Les estimations des pertes ont fortement varié. Certains chiffres initiaux évoquaient plusieurs centaines de millions de dollars, tandis que des analyses on-chain ultérieures ont abouti à des montants nettement plus faibles. Il reste donc imprudent de présenter les estimations les plus élevées comme des pertes définitivement établies.
Que le nom CBEX réapparaisse au Kenya est néanmoins significatif.
L’utilisation de la crypto dans les fraudes africaines ne signifie pas que l’activité crypto dans son ensemble est criminelle. Bref Crypto relevait récemment que moins de 1 % des flux on-chain attribués étaient considérés comme illicites en 2025 selon Chainalysis.
Le problème vient plutôt de la combinaison entre promesses de rendements irréalistes, recrutement par recommandation et transferts rapides de capitaux.
Le Kenya en a déjà eu un autre exemple cette année lorsqu’un investisseur a perdu 431 380 USDT dans une fausse opération de vente d’or à Nairobi.
Une licence étrangère ne suffit pas au Kenya
La liste de la CMA contient toutefois une nuance importante.
Toutes les entreprises citées ne sont pas nécessairement des sociétés fantômes. Kenya Insights relève notamment que Just Markets appartient à un groupe disposant de licences dans plusieurs juridictions, notamment à Maurice et en Afrique du Sud.
Le problème est différent : être réglementé ailleurs ne signifie pas être autorisé à solliciter des investisseurs kényans.
Cette distinction devient particulièrement importante avec l’entrée en vigueur du cadre kényan sur les prestataires d’actifs virtuels. Le pays cherche désormais à savoir précisément quelles plateformes opèrent auprès de ses résidents, sous quelle licence et avec quelles protections pour les clients.
La CMA tient pour cela un registre public des acteurs autorisés au Kenya. Vérifier ce registre avant d’envoyer de l’argent devient d’autant plus important lorsque la plateforme utilise des références à des régulateurs étrangers pour rassurer ses utilisateurs.

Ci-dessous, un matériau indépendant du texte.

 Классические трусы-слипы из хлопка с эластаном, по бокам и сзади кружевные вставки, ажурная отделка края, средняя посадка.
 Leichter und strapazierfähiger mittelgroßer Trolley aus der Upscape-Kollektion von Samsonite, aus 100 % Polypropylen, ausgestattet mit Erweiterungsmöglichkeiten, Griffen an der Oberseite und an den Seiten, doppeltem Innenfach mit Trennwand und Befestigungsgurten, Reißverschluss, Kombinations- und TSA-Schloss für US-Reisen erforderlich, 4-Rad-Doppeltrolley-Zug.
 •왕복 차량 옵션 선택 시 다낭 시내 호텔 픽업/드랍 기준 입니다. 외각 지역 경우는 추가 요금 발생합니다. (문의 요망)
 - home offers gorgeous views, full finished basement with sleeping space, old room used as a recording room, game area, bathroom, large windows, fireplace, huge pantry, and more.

Le signal d’alerte le plus classique reste pourtant beaucoup plus simple : promesse de rendement élevé, parrainage agressif, puis demande de frais supplémentaires lorsque le retrait devient impossible.

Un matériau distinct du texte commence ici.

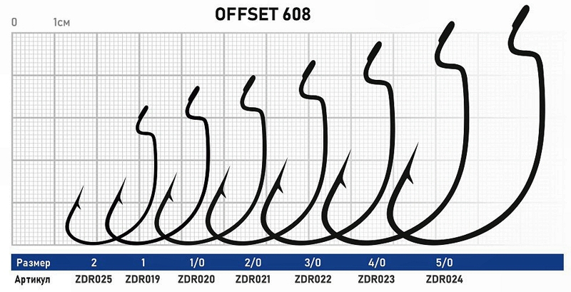 Крючок Offset ZUB 608 # 5/0 (упак. 5 шт)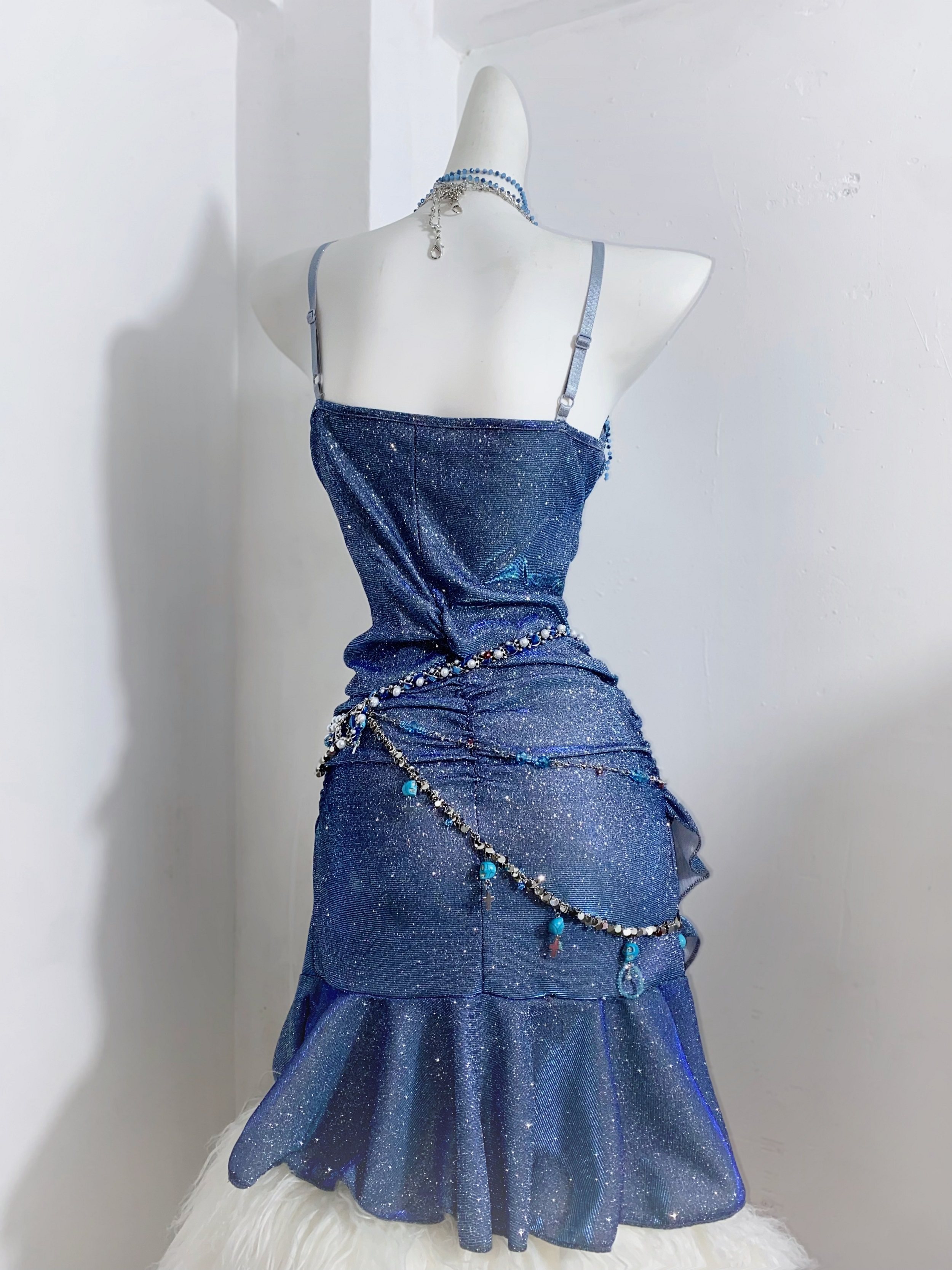 蓝色大海的传说原创蓝偏光绿色昭和公主性感包臀鱼尾连衣裙礼服裙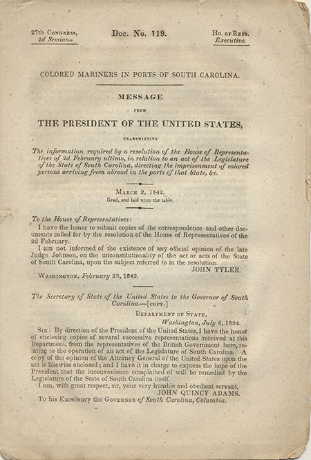 Printed pamphlet titled: "Colored Mariners in Ports of South Carolina: Message from the President of the United States Transmitting the information required by a resolution of the House of Representatives of 2d February Ultimo, in relation to an act of the Legislature of the State of South Carolina, directing the imprisonment of colored persons arriving from abroad in the ports of that State...", 18pp. Mar. 2, 1842. This notice, of course, called for the imprisonment of newly-arrived slaves, who ironically played a huge role in the Atlantic trade of the time. The pamphlet contains the text of letters from politicians such as John Quincy Adams, William Ogilby and others. May be incomplete, very good condition.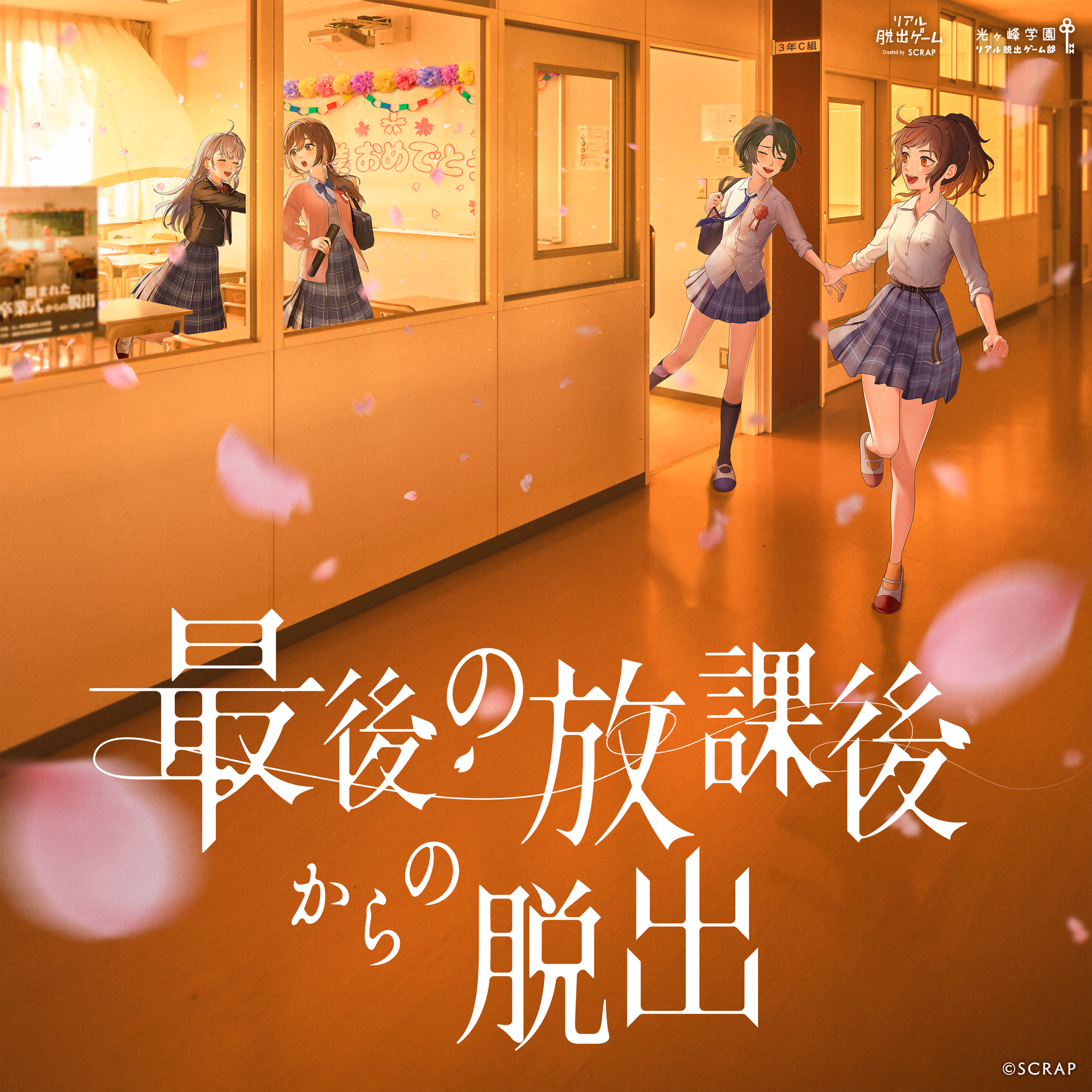 プロジェクト最新作となる『最後の放課後からの脱出』のテーマソングとして「最後の放課後からの脱出」が決定いたしました。歌唱と作詞は「光ヶ峰学園リアル脱出ゲーム部」の4人、作曲と編曲はSCRAPのほぼすべての楽曲を手がける伊藤忠之が担当。本楽曲は、4月2日(木) 0:00よりSpotifyやApple Musicなど各種ストリーミングサービスおよびダウンロードサイトにて配信、販売いたします。

QVSE et CBEX montrent aussi les limites de l’intervention réglementaire tardive. Une alerte publique peut empêcher de nouveaux dépôts. Elle récupère beaucoup plus difficilement des USDT déjà transférés ou des fonds envoyés vers une structure étrangère.
Pour le Kenya, le prochain enjeu sera donc moins de publier davantage de listes que de détecter ces plateformes avant qu’elles n’atteignent des milliers d’utilisateurs.
Les quinze noms publiés cette semaine ne constituent probablement pas la fin du problème. Ils donnent surtout une photographie d’un marché où crypto, forex, fausses licences et promesses de rendement rapide se mélangent de plus en plus facilement.